I have encountered many challenges and limitations while using AI within the course. A few examples include without enough prompts, AI doesn’t generate useful information, and too many prompts often lead to more errors. As a result, a lot of time is often wasted trying to think of how to properly prompt generative AI or providing too many prompts. These are scenarios where I regret using AI because it affects efficiency when needed to complete assignments with a strict deadline. AI also doesn’t know the full extent of the content that is taught and sometimes uses complicated methods that I am not familiar with, which restricts my learning. I think there will always be challenges when depending too heavily on AI for understanding complex topics and doing assignments, which is why it’s important in software engineering education to understand that AI is a learning tool and should never be depended on.

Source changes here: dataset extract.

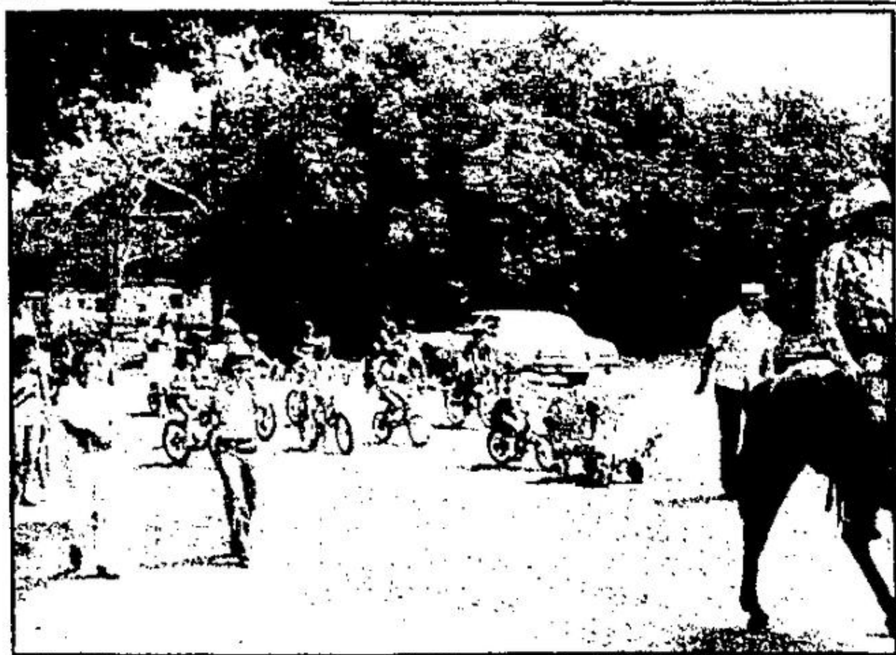
The traditional Canada Day parade in Ballinafad with decorated bicycles and wagons is always a highlight.

In terms of engagement, knowledge retention, and practical skill development, comparing traditional teaching methods and AI-enhanced approaches demonstrates that each method has its own limitations and strengths. Traditional methods are known to have limited personalization, often led by one instructor through lecture-based classes and group projects; while it may increase interactions, this style doesn’t work for every student, who may not be able to progress at the same pace as all other students. Although lecture, discussion, and repetition can reinforce memory, which helps build these foundational skills all software engineers must know and never forget. It is very important to build these foundational skills through hands-on coding assignments and tests because it allows for more real-life experiences. Unfortunately, many of these factors depend solely on the teacher and could lead to subjective or biased feedback. On the other hand, AI-enhanced learning can create a more personalized learning experience catered to each student’s needs and pace. It can provide immediate feedback and corrected practices with good repetition practice on fundamental knowledge. Since it is able to suggest improvements, feedback, debugging, and assistance almost instantaneously, many people may think that it is better, but AI has proven to be sometimes very unreliable and doesn’t demonstrate the best practices, so it is something to consider.
I still believe that it is better to integrate the use of AI into software engineering education because it can prove to be a super useful tool when used correctly, and it wouldn’t impact our learning as students as long as AI is used responsibly. I believe that it is important to remodel the way in-class WODs are required because that was the only assignment where I had felt the most pressured to use AI because of the short time constraints.
Overall I had a great experience using AI, testing its usage, and discovering its many limitations and downfalls in software engineering education. Although it has evolved very quickly and proves to be a very powerful tool, it’s important to note that AI should always be viewed as a tool to supplement learning whenever it’s being used.